Wednesday 13 February 2008

Wiki as a Knowledge Management Tool


My research has been focused on the collaboration and knowledge sharing elements of knowledge management in the enterprise. One of the key parts of this is to map what the enterprise wiki pilot is achieving against the basic knowledge cycle I started with when I began my first MSc (I have just started my second!).

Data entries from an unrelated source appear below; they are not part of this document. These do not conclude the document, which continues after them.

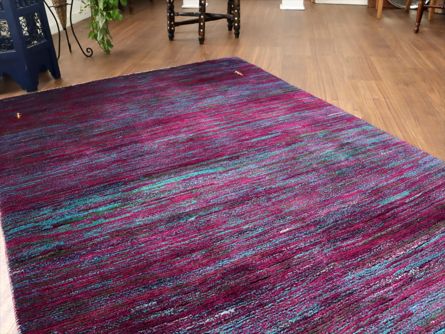 ギャッベ ノマド 176x120cm ブルー&パープル ランダムミックス イラン産手織り Gabbeh Nomad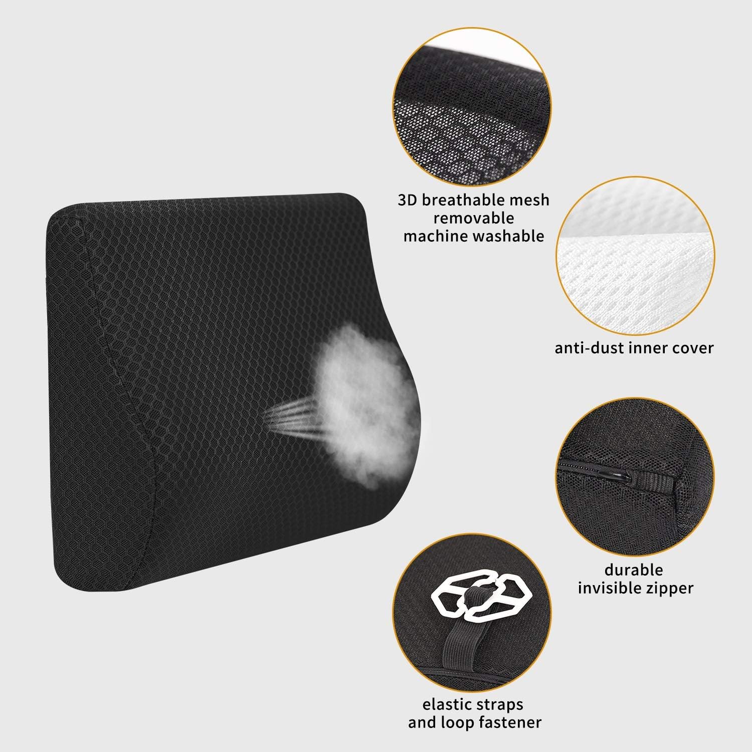 - Features: 3D breathable mesh cover can keep air flowing, to keep you cool and comfortable all day. Durable invisible zipper design for easy removal and cleaning. Easily adjust the optimal support position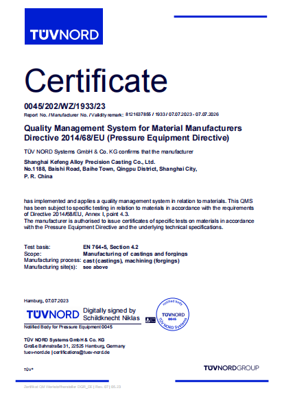 Kefeng is also a professional manufacturer of stainless steel and alloy forgings and castings, supplying products that meet both domestic and international standards, including ASTM, DIN, EN, NACE, API, GB, and JIS. Our material portfolio covers austenitic stainless steels, super austenitic stainless steels, duplex stainless steels, nickel-based alloys, precipitation-hardening stainless steels, cobalt-based alloys, and copper alloys. With extensive experience in heat treatment and metallurgical testing, Kefeng is equipped with a wide range of heat treatment facilities, ensuring material reliability from the raw stage onward. In addition, our factory houses advanced testing equipment, such as alloy spectrometers, universal testing machines, low-temperature impact testers, hardness testers, 1000× optical microscopes, corrosion resistance testing systems, and a suite of nondestructive testing instruments imported from the United States and Germany.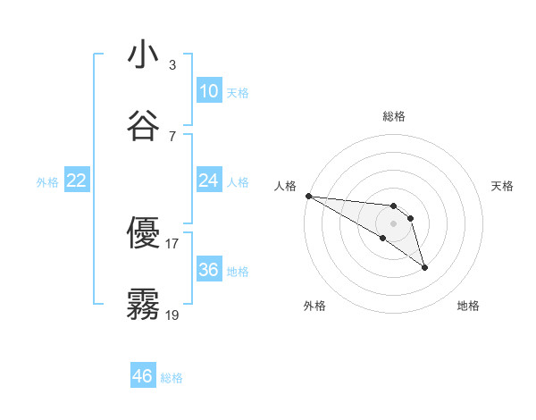 小谷 優霧さんを姓名の画数から五運を鑑定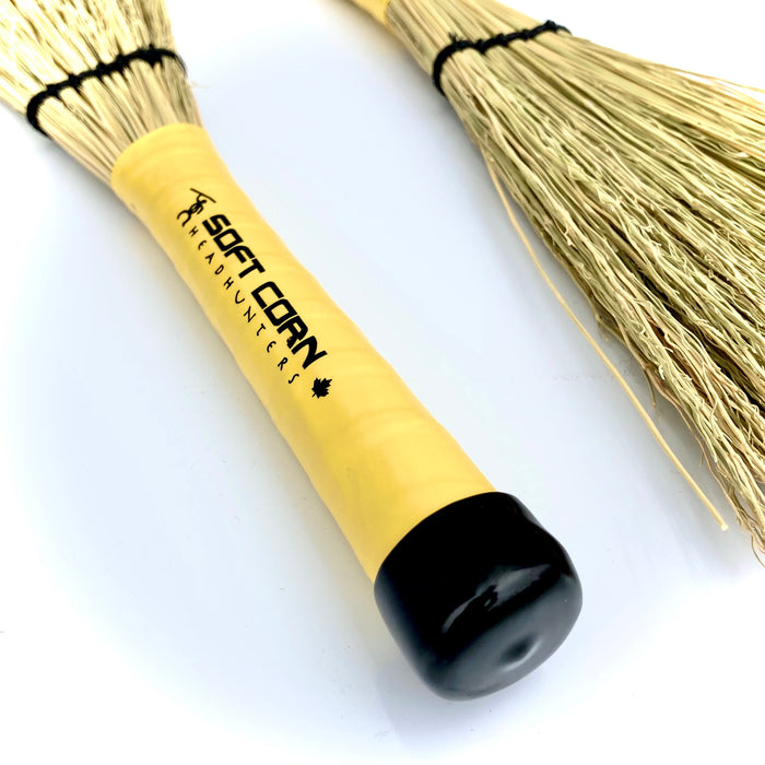 The Headhunters Fat Bastards are small diameter broom sorghum corn bundled inot a broad sweep at the end of the brush head. Soft attack, great for low volume settings, but producing a huge fat back beat. These are a favourite of many Headhunters’ Artists.

So, looking at the 4 elements of the KM cycle above:

Find
Wiki use in the enterprise allows you to combine the knowledge of many teams into one larger, community knowledge base. This gives the users a "place" or "home" for their contributions where they know that they can be easily used by others.

Organise
Wiki spaces in products like Confluence & Socialtext are hierarchicaly structured in the parent-child page relationship which makes them easy to understand and to administer. Additional features such as tagging, breadcrumb navigation and powerful contextual search makes information retrieval much better than email + file shares. Some early responses with our wiki pilot have indicated that the benefits of having a web-based document sharing tool which can index-search attachments to provide a more powerful information retreival service is a very welcome addition to their job roles.

Share
Here is where the "Wiki Way" shines. There have been many groupware products in the past which have facilitated centralised, web-based document management, but wiki's provide this with the important collaboration layer that web 2.0 enables on top. They are a much more intuitive environment to interact with and will be around for a long time, as your n-generation graduate intake will already be trained in these environments from their own social interactions on the web!

Use & Reuse
As is mentioned on Stan Garfield's Weekly Knowledge Management Blog this week - 3 major benfitis of KM are avioding redundant effort, avioding repeated mistakes and taking advantage of existing knowledge and expertise within your organisation. A collaborative working environment supported by wiki use can help deliver on some of these benefits.

It is easy to forget the base principles which are enabled by web 2.0 tools when put to use in a business environment. We must be able to recognise the simple goals which culture and technology in the past have prohibited. A changing world with more and more distributed and virtual teams require organisations to provide its knowledge workers with tools which facilitate distributed and virtual collaboration.